Hекоторое время он продолжал ошеломленно копаться в бессмысленных обрывках, занимающих к тому же огромный объем, пытаясь отыскать среди нагромождений хлама хоть что-то полезное, но тщетно. Таких позорных результатов он не получал даже в самом начале обучения.
Пришлось плюнуть и обратиться к "живой" памяти.
Здесь дела обстояли проще.
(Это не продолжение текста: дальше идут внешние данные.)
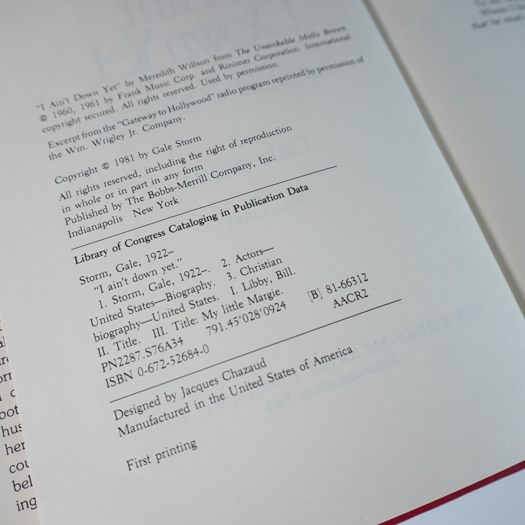 Indianapolis: Bobbs-Merrill Company, 1981. The autobiography of actress and singer Gale Storm, best known for her role in My Little Margie. The book details her career, struggles, and triumphs, co-written with Bill Libby. First printing. 191 pages. ISBN: 0-672-52684-0.
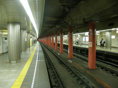 相対式2面2線の線路配置で、上下線間の柱は朱色に塗られています。

Порядка не больше, но хотя бы понятно, что имеется в виду.
Перед мысленным взором поочередно возникали трущие его мочалками, льющие ему на голову смешанную с уксусом воду красноглазые рабы-альбиносы, раскаленная плита, на которой греются котлы и кастрюли, немой корабельный кок Гирпакс, гоняющий тряпкой по качающемуся полу розлитую мыльную воду, звездное небо с россыпью близкого шарового скопления в зените, полотенце с брызгами крови, узкий стальной скальпель с золотой гравировкой, отвратительный скрип проходящей сквозь его плечо шелковой хирургической нитки...
Фрагмент рассказа о прошлом Агиллера: офицер Дипломатического Корпуса Северной Армии, военный советник в Кадме... участвовал в Реннском сражении, командовал осадой Белой Крепости... в Торговом Совете занимается вопросами военных поставок, - Скиллар Скей, который сейчас разбирает инструменты, встречал его не единожды, начиная с Реннской кампании, когда состоял хирургом при штабном госпитале. ("Когда маршал Армагор подводил войска к Ренну, на берегу Эйе, рядом с нашим лазаретом, встал лагерем кавалерийский полк. Вот, как-то вечером, уже в сумерках, я с ведром пошел на реку за водой. Спускаюсь с берега и вижу: немного выше по течению от того места, где мы обычно брали воду, какой-то голый умник намыливает хоpошую савpскую кобылу. Очень мне не хотелось тащиться лишних полтораста шагов с полным ведром, но не пить же воду с лошадиным потом. Иду злой, спрашиваю: "Что, очень лошадей любишь?" Он отвечает: "А что, у меня ноги кривые?" Я и говорю: "Hет, голова лошадиная." Он меня за подол рубахи и с берега в воду, я его ведром по спине. Тут его савpская стерва начала лягаться, и такого мне пинка влепила копытом, что пришлось спасаться бегством, бросив ведро. Так вот мы познакомились.")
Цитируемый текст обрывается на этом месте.